Our chief concern going into the project was that some sequences might bind in unintended places. Our computer-modeling tools were not advanced enough to be able to predict such difficulties. In fact, spurious binding was relatively rare. Instead the more serious problem turned out to be individual gates cleaving their substrates at different rates. We (or, rather, our students) had to adjust concentrations and structures to correct for this variability. We also quickly discovered that some gates acted differently within a mixture than they did on their own, necessitating other redesigns. Finally, after three consecutive summers and many Saturdays, through some changes of inputs and many small adjustments of gate sequences and concentrations, our team had a system in which we could clearly distinguish active and inactive gates in all wells, for all the games, reproducibly.

Implications
Integrating more than 100 molecular logic components in a single system represented a substantial milestone. In the jargon of electronics, MAYA-II is the first “medium-scale integrated molecular circuit.” Our work on a device of such complexity let us refine our deoxyribozyme logic gates as plug-and-play computing primitives. New efforts in our laboratories now proceed more smoothly with existing components, and we can design gates that usually work immediately without needing any fine-tuning.

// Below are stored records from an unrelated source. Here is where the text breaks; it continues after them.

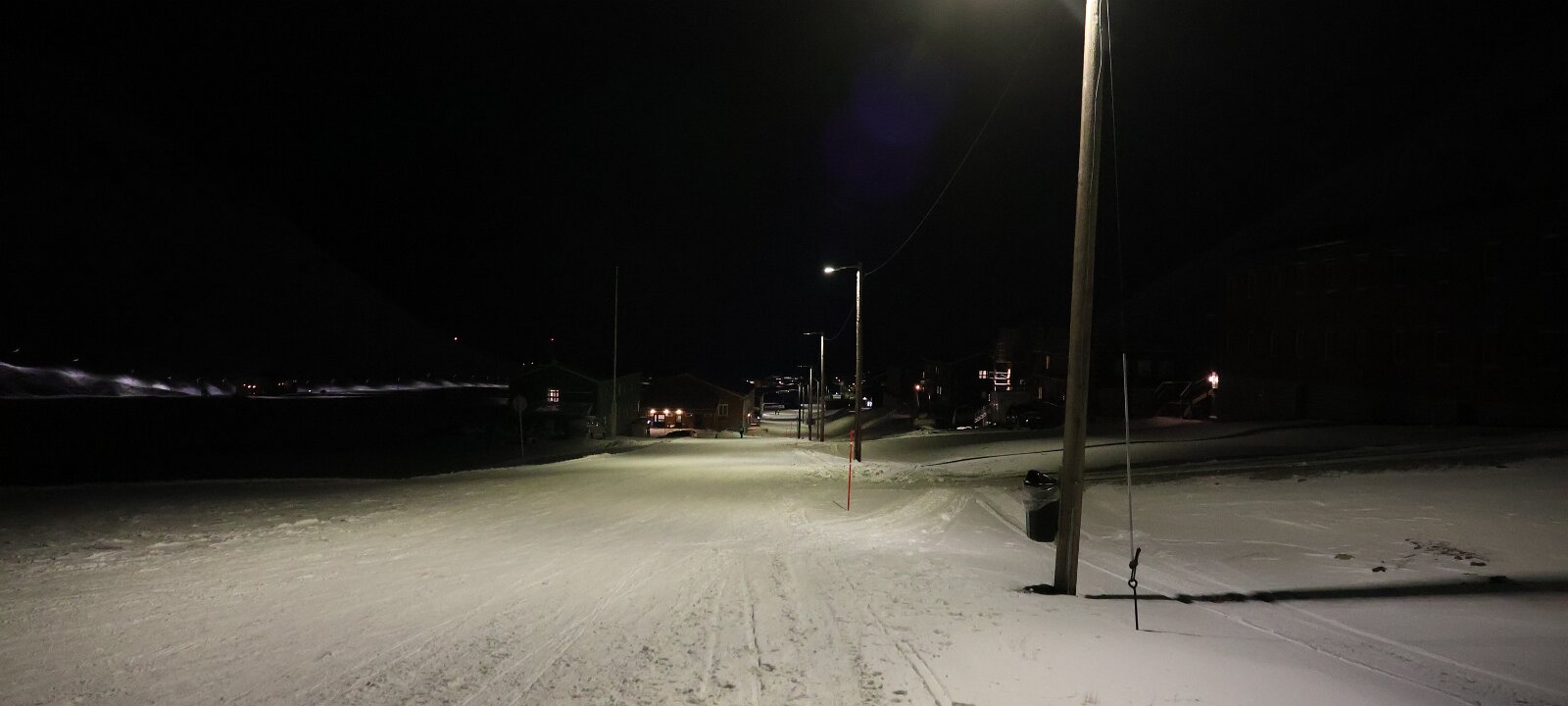 Longyearbyen Der Weihnachtsbaum ist nun beleuchtet.
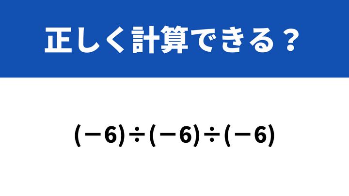 マイナス符号の割り算…やり方覚えてる?「(−6)÷(−6)÷(−6)」→正しく計算できる?
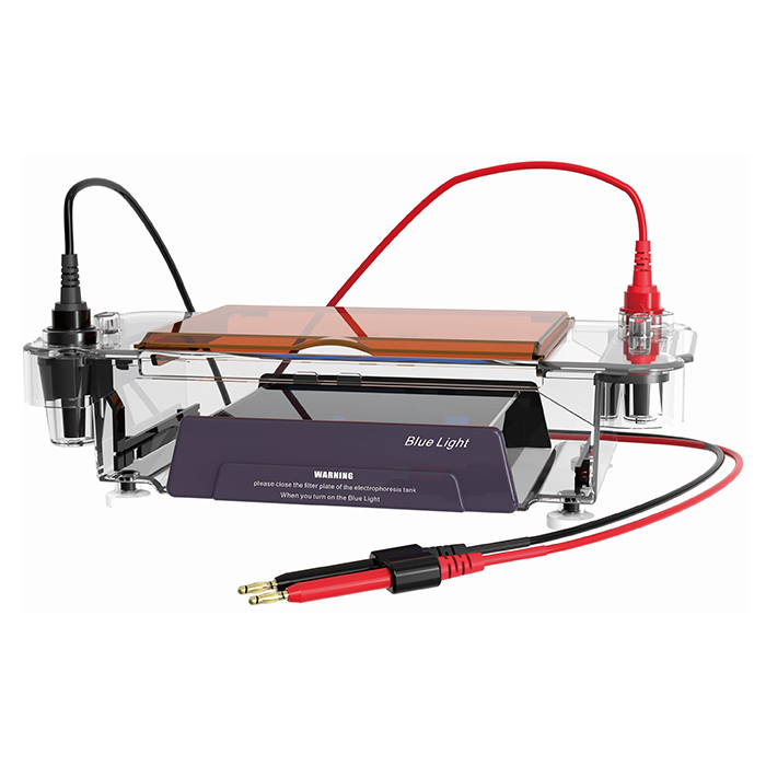 A vízszintes elektroforézis cellák elektromos mezővel hajtják végre a gélben lévő töltött molekulák migrációját, és az elektromos mezőben a molekulák különböző migrációs sebességét kihasználva választják szét őket. A gélt az elektroforézis tartályba helyezik, és a mintát a mintatartályon keresztül töltik a gélbe. Az áramforráshoz csatlakoztatott elektródák elektromos mezőt generálnak, amely a molekulák méretének, töltésének vagy morfológiájának különbségei alapján választja szét a mintában lévő molekulákat. Ezen folyamat során az elektroforézis folyamatát kék fény besugárzásával figyelik meg az elektroforézis tartályban, hogy valós időben követhessék a minta szétválasztását. Az elektroforézis előrehaladtával a minták fokozatosan szétválnak és sávokat képeznek. A berendezés valós idejű kék fényű megfigyelő eszköze segíti a kísérletezőt az elektroforézis sávok állapotának bármikor történő ellenőrzésében, hogy biztosítsa a kísérlet zökkenőmentes lefolyását. Ugyanakkor a felnyitható fedél kialakítása és az automatikus kikapcsolási funkció biztosítja a kísérletet végző személyzet biztonságát.
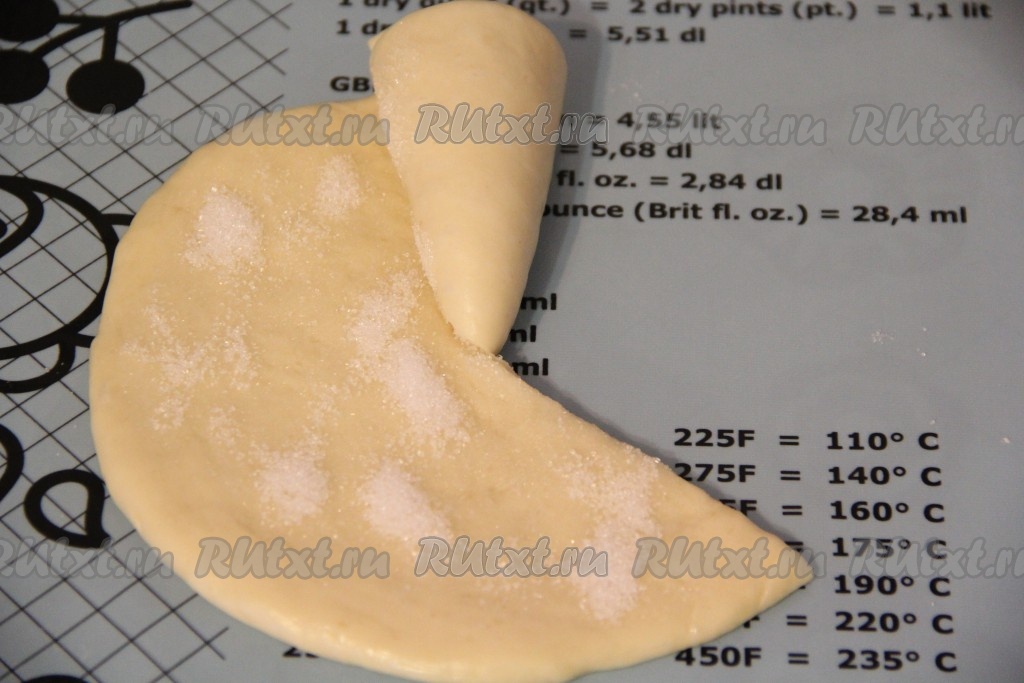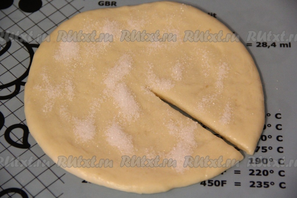 Каждую часть теста раскатать в круглую не тонкую лепёшку, присыпать её сахаром и сделать один разрез от центра до края.

We could integrate our method with other molecular computing approaches developed recently. For example, Erik Winfree’s group at the California Institute of Technology came up with impressive “strand displacement cascades,” which could be used to analyze mixtures of oligonucleotides in a similar fashion. In this scheme, strands of DNA combine, joining and displacing one another mostly without the need for any catalysts analogous to the DNA enzymes of our gates. Winfree’s system has been demonstrated with a cascade of five units. In comparison, our present system suffers from becoming prohibitively slow if three layers of gates are combined. MAYA-II, for all its complexity, functions as a single layer of gates and takes around 15 minutes to carry out a move.

For our decision-making molecules, we are now very confident about putting many gates together, and tasks representing fresh challenges beckon. We hope one day to report a mixture of molecules that can be taught a strategy by playing example games with them or by introducing some selection to eliminate the gates that encode losing strategies. We might then develop automata that we can train to recognize cancer cells. Louis J. Sheehan, Esquire

But perhaps the most important next step of our program is to incorporate new primitives to carry out more functions, such as sensing and moving (or “actuating”). These are automata that would take action based on the presence of a given input. Our plug-and-play system would then be moving well beyond “play” and would be ready for some real work.